OK I lose then. *puts the cookie back* Sorry I already took a bite.

but what definition of person are you using again? I may have glossed over that.

at dictionary.com I found:


per·son ( P ) Pronunciation Key (pûrsn)
n.
1 A living human. Often used in combination: chairperson; spokesperson; salesperson.
2. An individual of specified character: a person of importance.
3. The composite of characteristics that make up an individual personality; the self.
4. The living body of a human: searched the prisoner's person.
Physique and general appearance.
5. Law. A human or organization with legal rights and duties.
6. Christianity. Any of the three separate individualities of the Father, Son, and Holy Spirit, as distinguished from the essence of the Godhead that unites them.
7. Grammar.
a, Any of three groups of pronoun forms with corresponding verb inflections that distinguish the speaker (first person), the individual addressed (second person), and the individual or thing spoken of (third person).
b. Any of the different forms or inflections expressing these distinctions.
8. A character or role, as in a play; a guise: “Well, in her person, I say I will not have you” (Shakespeare).
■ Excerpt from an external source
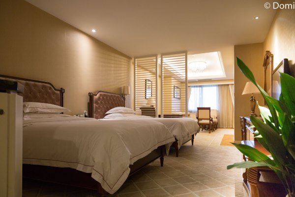 跟着服务人员的脚步与介绍来到了豪华的套房门口,精致的装饰,诺大的空间,一应俱全的家居用品确实让我感叹了一下,一家十几口来这里玩也足够耍的开了吧。

I guess I was going with the first definition. Your original post said:

Modern biology makes it quite easy to determine what is and is not alive, as well as what is and is not human. However, many things are both human and alive yet are not human persons (human liver cells, organs inside a person who has just died, human sperm, etc). Therefore, the question now becomes: what are is/are the standard(s) for determining if a give entity is a human person?

To get the ball rolling, I have presented some of the major suggestions for answers to this question, as well as why I personally find them insufficient for modern purposes, in the post below this one. Feel free to add more or discuss the ones I present.

So I was going for a simple way of explaining what would make something a human and a person. Like you said somethign can be alive and human, but still not a person, so I came up with what I did. What do I need to make it clearer exactly? I think that it covers all the bases in my mind eprsonally.
Willamena
04-08-2005, 19:38
Modern biology makes it quite easy to determine what is and is not alive, as well as what is and is not human. However, many things are both human and alive yet are not human persons (human liver cells, organs inside a person who has just died, human sperm, etc). Therefore, the question now becomes: what are is/are the standard(s) for determining if a give entity is a human person?

To get the ball rolling, I have presented some of the major suggestions for answers to this question, as well as why I personally find them insufficient for modern purposes, in the post below this one. Feel free to add more or discuss the ones I present.
I think the standard for a person is that it have a conscious mind, will and heart (not the organ). The outstanding characteristic of a "person" is that it has personality, characteristics that are individual, the accumulation of which is a unique person.
Callipygousness
04-08-2005, 19:40
They would have to have all the requriements of any living organism - i.e. survive on their own (why a fetus or a liver isn't a person), feed, grow, etc.

Then they would have to belong to the Homo genus.

Then they would have to be able to speak, write, build and use machinery all in one go.
Sumamba Buwhan
04-08-2005, 19:42
They would have to have all the requriements of any living organism - i.e. survive on their own (why a fetus or a liver isn't a person), feed, grow, etc.

Then they would have to belong to the Homo genus.

Then they would have to be able to speak, write, build and use machinery all in one go.


so a baby that cannot speak or write or someone who is mentally handicapped and unable to do these things are not persons?
Zagat
05-08-2005, 05:21
Since you didn't say "no" flat out, I would appreciate if you could tell me the circumstances under which a dog is entitled to personhood.
I dont see what entitled has got to do with it. Personhood is a social attributed, if people consider you are a person and treat you accordingly, then you have personhood, whether or not you are 'entitled'.